*Records provided*:

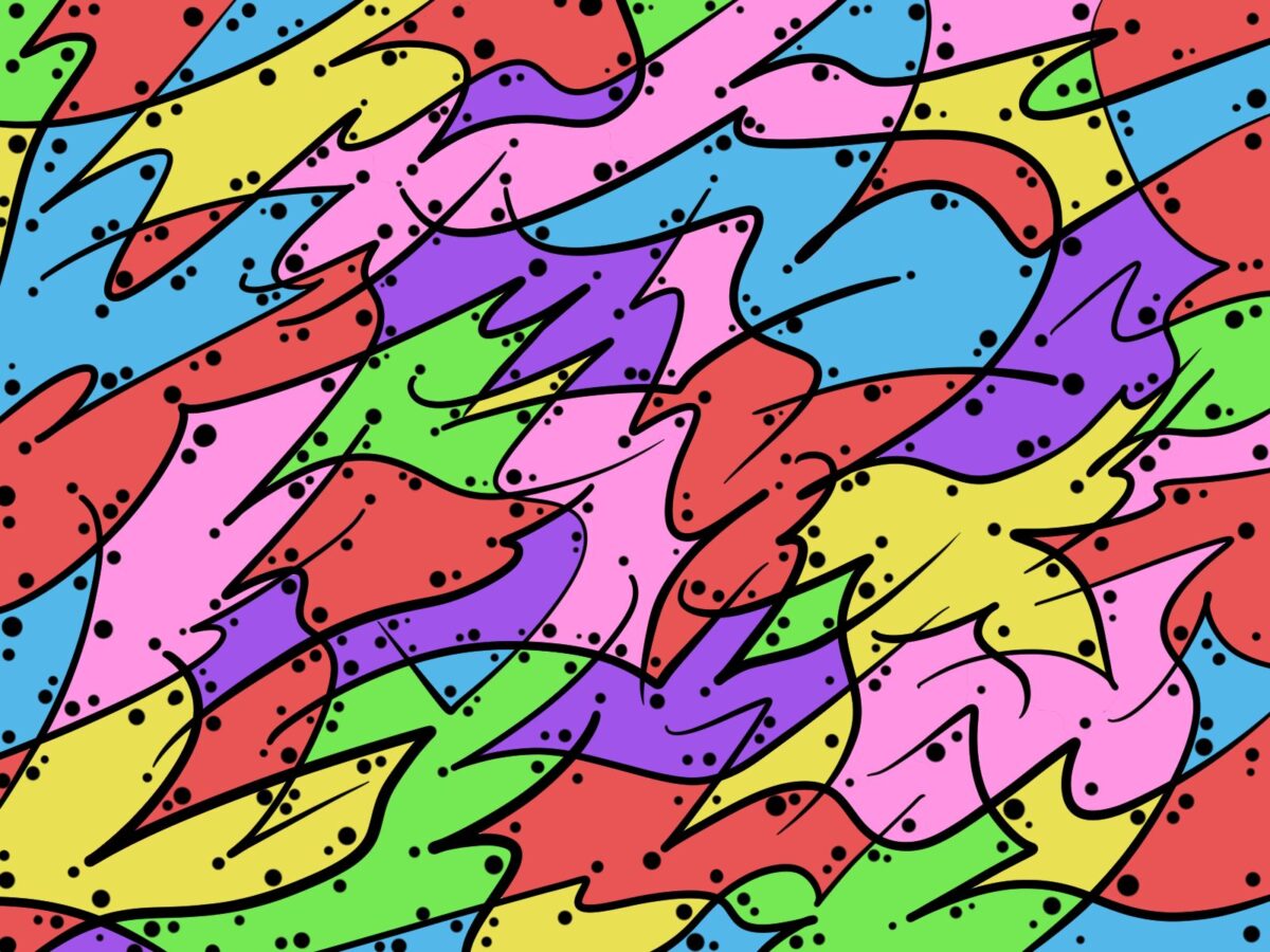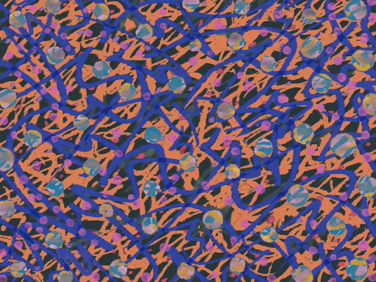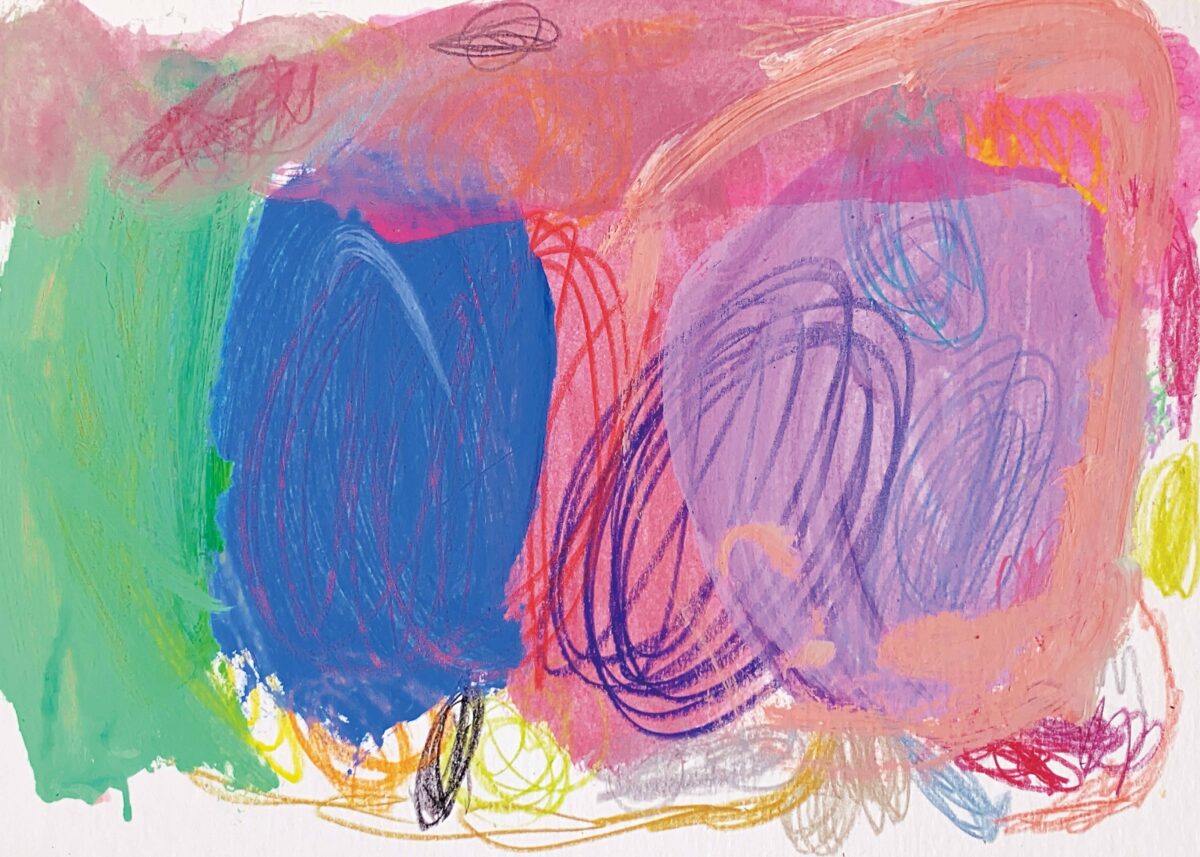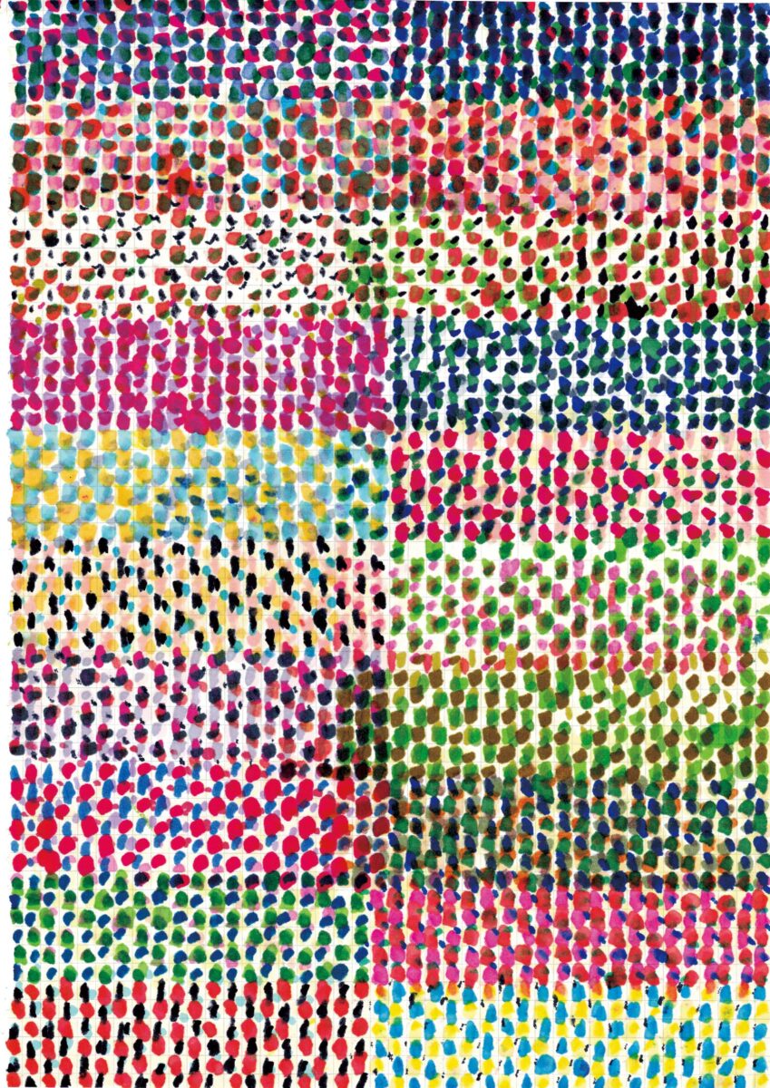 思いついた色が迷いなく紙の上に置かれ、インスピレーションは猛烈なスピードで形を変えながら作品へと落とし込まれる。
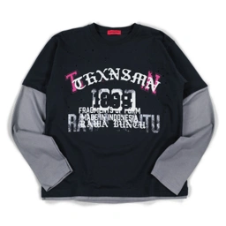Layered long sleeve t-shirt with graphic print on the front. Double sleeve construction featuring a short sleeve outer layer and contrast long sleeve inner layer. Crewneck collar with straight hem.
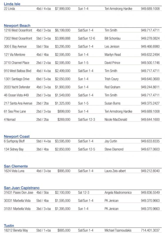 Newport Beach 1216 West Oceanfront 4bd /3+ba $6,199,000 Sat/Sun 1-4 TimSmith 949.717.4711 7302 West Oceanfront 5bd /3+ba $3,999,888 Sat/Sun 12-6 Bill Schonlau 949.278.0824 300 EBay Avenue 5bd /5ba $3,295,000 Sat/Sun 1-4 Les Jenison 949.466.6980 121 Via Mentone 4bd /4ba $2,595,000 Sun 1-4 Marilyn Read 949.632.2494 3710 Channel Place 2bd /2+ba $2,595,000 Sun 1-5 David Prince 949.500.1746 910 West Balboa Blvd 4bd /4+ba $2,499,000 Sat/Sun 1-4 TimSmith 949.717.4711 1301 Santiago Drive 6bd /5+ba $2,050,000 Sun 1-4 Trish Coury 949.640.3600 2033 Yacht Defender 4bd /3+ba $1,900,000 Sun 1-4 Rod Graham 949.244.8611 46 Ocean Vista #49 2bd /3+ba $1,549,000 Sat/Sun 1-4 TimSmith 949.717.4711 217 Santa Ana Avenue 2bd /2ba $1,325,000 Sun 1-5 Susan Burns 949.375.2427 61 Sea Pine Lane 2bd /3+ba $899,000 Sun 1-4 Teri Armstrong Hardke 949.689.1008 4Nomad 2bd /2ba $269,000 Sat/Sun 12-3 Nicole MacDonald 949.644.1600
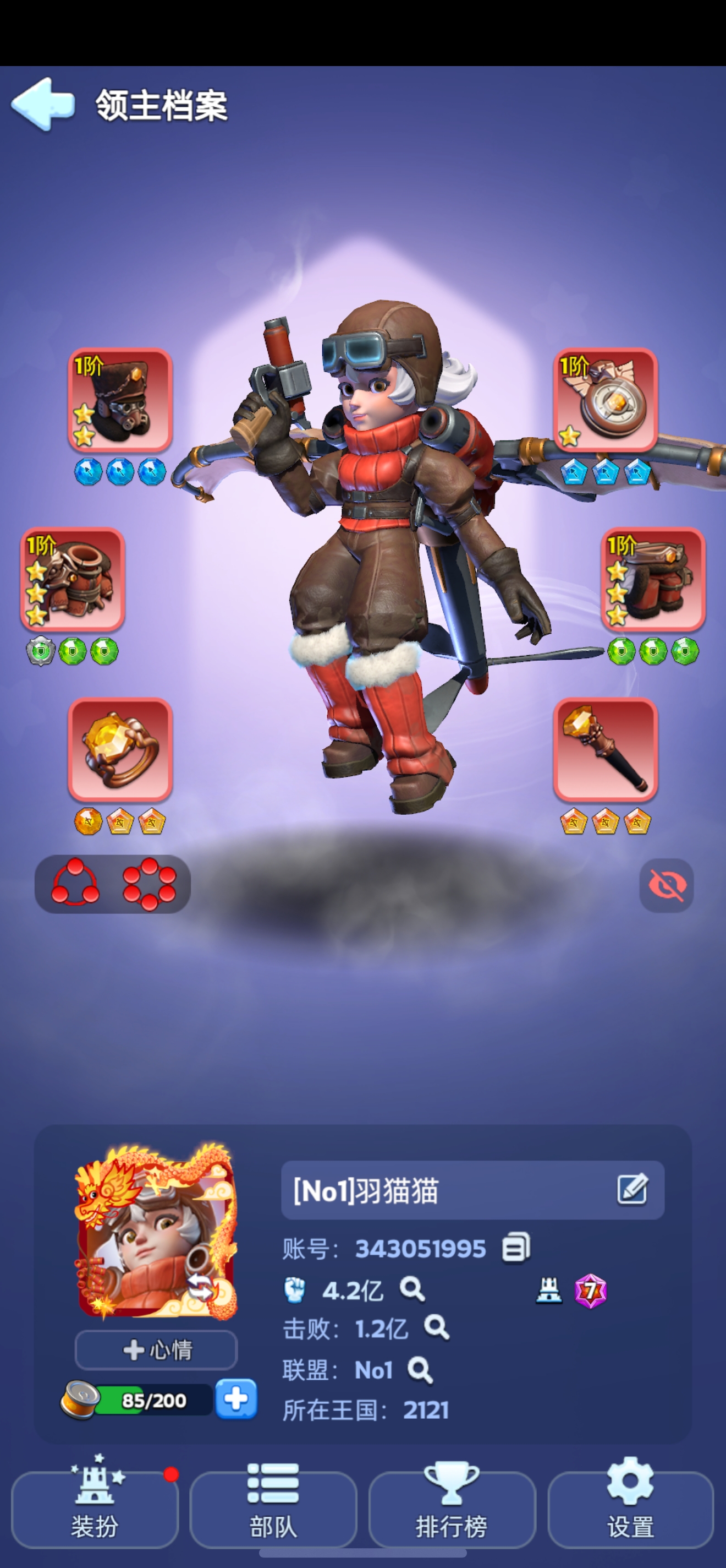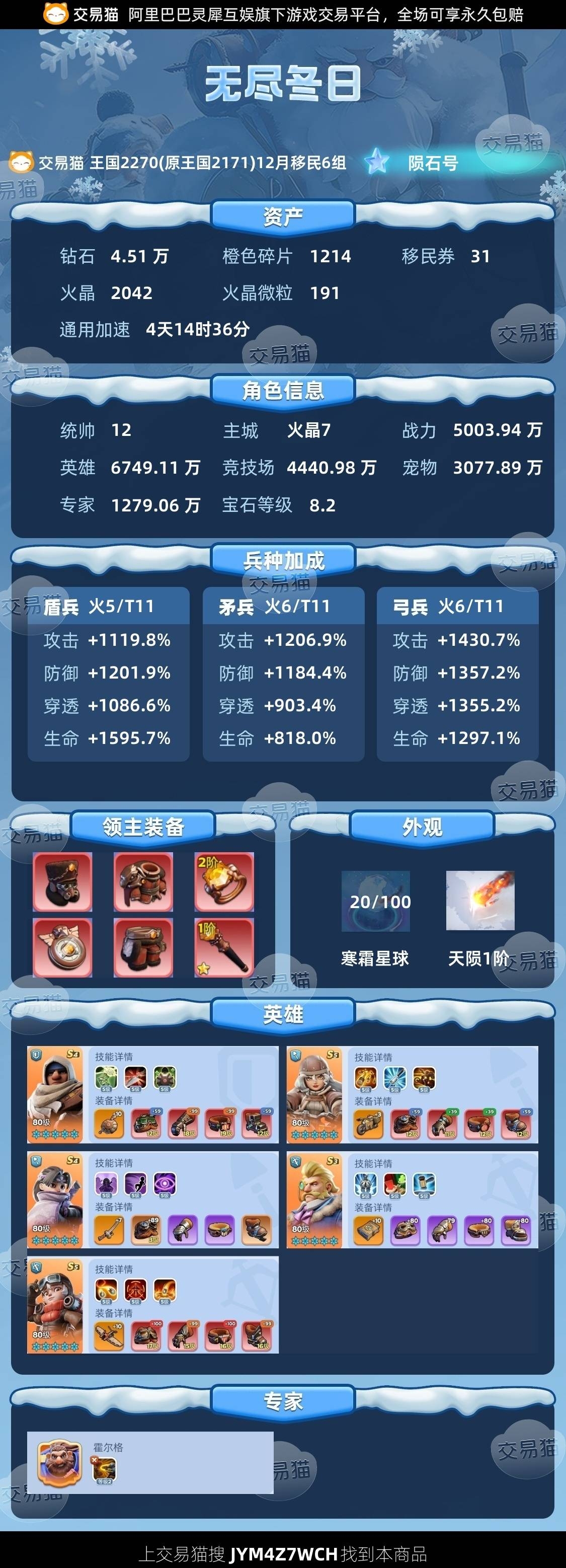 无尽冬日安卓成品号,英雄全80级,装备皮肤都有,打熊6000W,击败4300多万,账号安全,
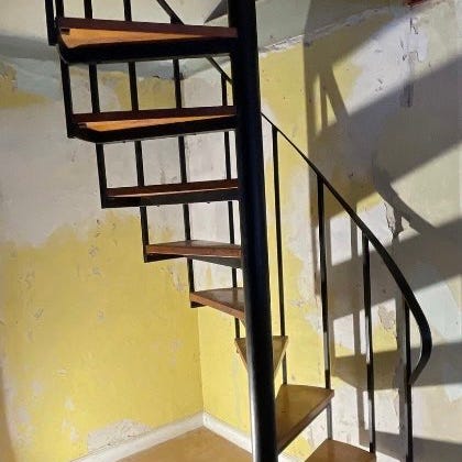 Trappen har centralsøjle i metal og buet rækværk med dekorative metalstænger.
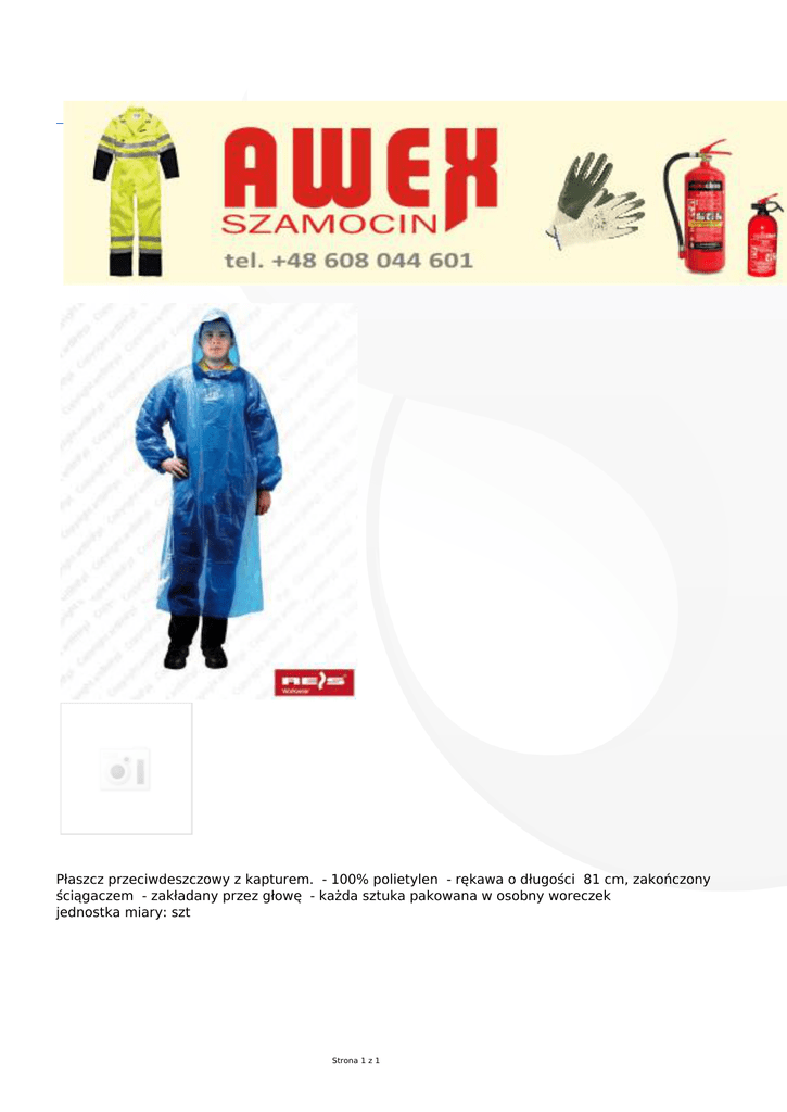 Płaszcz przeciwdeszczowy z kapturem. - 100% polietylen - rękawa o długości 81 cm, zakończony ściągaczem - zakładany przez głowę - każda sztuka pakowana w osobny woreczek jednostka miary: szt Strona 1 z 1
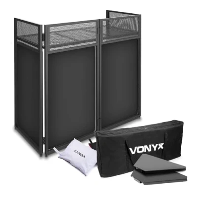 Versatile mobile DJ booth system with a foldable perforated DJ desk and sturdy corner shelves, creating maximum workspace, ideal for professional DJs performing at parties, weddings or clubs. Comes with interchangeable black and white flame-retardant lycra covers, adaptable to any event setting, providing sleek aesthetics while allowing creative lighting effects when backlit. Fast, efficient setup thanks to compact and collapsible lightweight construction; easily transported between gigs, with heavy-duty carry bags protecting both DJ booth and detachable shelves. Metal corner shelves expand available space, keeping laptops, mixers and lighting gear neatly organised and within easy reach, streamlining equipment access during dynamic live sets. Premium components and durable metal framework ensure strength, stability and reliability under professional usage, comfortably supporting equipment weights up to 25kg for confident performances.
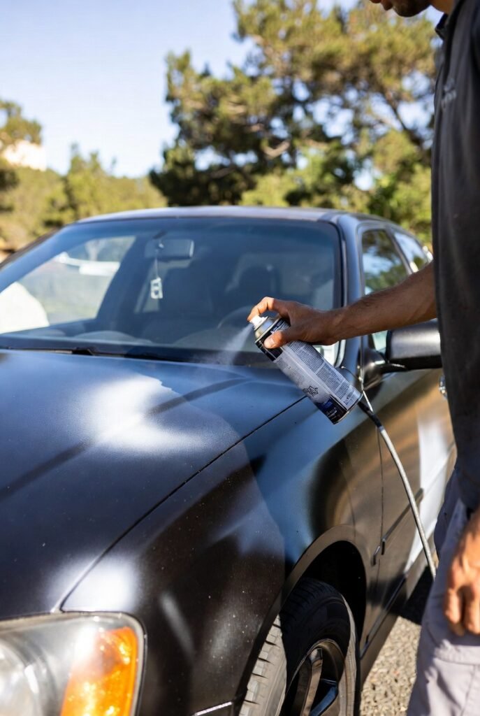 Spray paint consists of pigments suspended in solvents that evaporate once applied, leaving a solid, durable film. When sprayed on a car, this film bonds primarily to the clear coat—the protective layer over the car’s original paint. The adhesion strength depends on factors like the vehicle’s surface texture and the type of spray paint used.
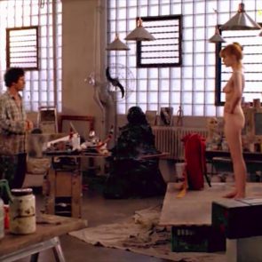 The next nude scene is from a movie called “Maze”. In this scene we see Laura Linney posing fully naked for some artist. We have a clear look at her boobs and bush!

*What you have to do*: Only the lines from the start of the material through the line containing "Layered long sleeve" should be transcribed. Pictures stay out.

*Output for this task*:
 思いついた色が迷いなく紙の上に置かれ、インスピレーションは猛烈なスピードで形を変えながら作品へと落とし込まれる。
Layered long sleeve t-shirt with graphic print on the front. Double sleeve construction featuring a short sleeve outer layer and contrast long sleeve inner layer. Crewneck collar with straight hem.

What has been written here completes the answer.